DMG

[drowninginlaundry]

Has anyone tried this? Started last week on a v low dose and all I've seen is DS going completely loopy. I've heard that it can improve speech & interaction but doesn't seem the case here so I am probably going to ditch it....

God, I remember this from YEARS ago! I can't remember anything about it though except there is also something called TMG. Where did you hear about it, is it a DAN thing? Doesn't anyone you had contact with know how/what should happen? I am intrigued but unfortunately I am of no use to you.

another mum with a child on the spectrum swears that her child's speech came on leaps and bounds just days after starting DMG, and it seems to be one of the staples in a group of supplements that people give who are serious about biomed (=unlike me with my half arsed approach).

Apparently it causes hyperactivity in some children but folic acid is supposed to counter this, am doing this also but DS is still zinging off the walls. So after my completely non-scientific experiment I can probably conclude that for him it'll make bugger all difference

What's it stand for, DIL?

I think it Di..... something and TMG is Tri..... something!! DIL will be able to tell us.

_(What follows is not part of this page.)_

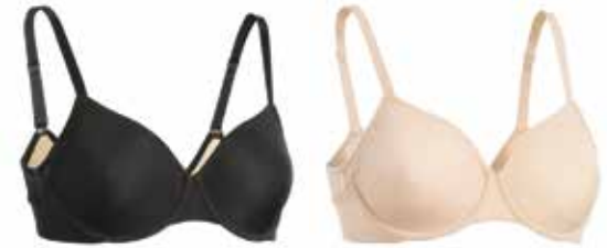
Lace Unlined Mould Bra

dimethylglycine (I googled it! )

no idea what the science behind it is. you can get it from Nutricentre

Just thinking, I heard of this stuff some years ago - 8, 9, 10 years? And I'm sure some people I know tried it. But I don't know anyone now who continues to use it or claims that it brought any great effect, at least no-one I know talks about it now or has for a LONG time. Over the years many of my friends have tried many things and most have gone by the way side tbh although they were extremely hopeful and convinced at the time.

That's just it Davros - I am sure some of these things are beneficial to lots of kids but for me personally the hassle-benefit equation has never been encouraging enough to start a full-on biomed regime. I see a couple of children regularly who have gone through the whole DAN! protocol over several years, one is being chelated, and they are just as autistic as my son. That's why I couldn't do any exclusion diets either - we use enzymes and probiotics - as life is too short and for DS, it'll always be comparatively more difficult than for your average NT child. Because of his disability he's excluded from a lot of things so I didn't want chocolate cake and pizza be amongst them.

so I've got a nearly full jar of DMG capsules if someone wants to give it a go, happy to post

God - do you know DIL, your post really makes me think. DS2 can't eat loads of stuff because of allergies, and I do wonder whether being gluten free as well is just excluding him even more from 'normality'.

My DS started to speak a bit more once he realised he could march into shops and demand 'doughnut' or 'pancake' or 'ice cream'. I know it might not work for everyone but food is a social experience and if we had limited his diet, we might have limited his social interaction.